5. The big data acceleration structure construction method according to claim 1, characterized by: and B, combining the data in the data sets into a unified database in the data integration in the step A, and filtering redundant attributes through data cross matching and multi-data-set fusion of each data set.

6. The big data acceleration structure construction method according to claim 1, characterized by: the data conversion in the step A comprises the steps of carrying out attribute construction on the data set after data integration, reducing attribute dimensionality of the data set and carrying out integrity check and supplement on the data set after dimensionality reduction.

7. The big data acceleration structure construction method according to claim 6, characterized in that: the reducing the dataset attribute dimension comprises:

Transforming the data set into a matrix form and normalizing the attributes;

Calculating a covariance matrix of the data set attribute, and calculating an eigenvalue and an eigenvector of the covariance matrix through a singular value decomposition algorithm;

And obtaining a dimension reduction matrix through dimension reduction calculation, and mapping the data set to a low-dimensional space through the dimension reduction matrix.

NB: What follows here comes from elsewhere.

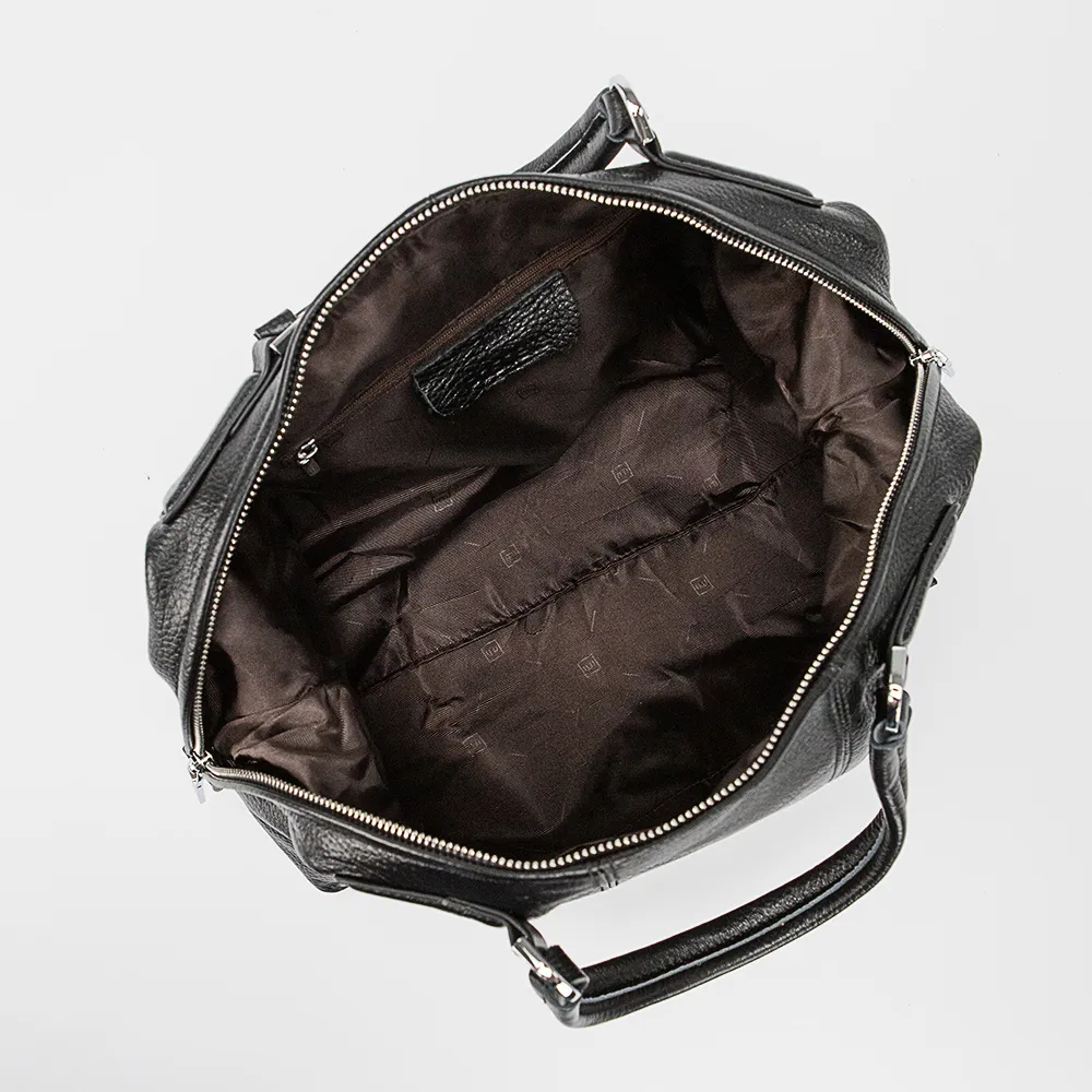 Сумка от торговой марки Poshete из натуральной кожи черного цвета. Модель боулер с двумя ручками, съемным регулируемым плечевым ремнем. Отделение на молнии. Внутри: фирменная подкладка, карман на молнии. На задней стороне – карман на молнии. Дно оснащено металлическими ножками для защиты от износа.

8. The big data acceleration structure construction method according to claim 1, characterized by: the clustering process in the step B comprises the following steps:

B1. Setting the value range [ K1, K2], K1 and K2 of the cluster number K as the classification number, and assigning the cluster number K as the lower limit K1 of the value range;

B2. Randomly selecting K clustering centers;

B3. For a class, assigning it to the nearest cluster center by distance calculation;

B4. Recalculating a new cluster center;

B5. Dividing each obtained class into two subclasses by a dichotomy method, and comparing the BIC scores of each pair of the father class and the subclasses;

B6. Calculating to obtain a pair of parent class and subclass with the largest difference of BIC scores;

B7. Saving the parent subclass in the step B6, and keeping other remaining parent subclasses unchanged, so that the clustering number K is K + 1;

B8. Turning to step B2, calculating the category condition in the new case;

B9. If the K value reaches the upper limit value K2 or the results of two continuous circulation are the same, indicating that no clustering center needs to be split, and ending the circulation;

B10. And simultaneously calculating Hamming distances among the records for a plurality of cluster categories, and reordering the data in the group.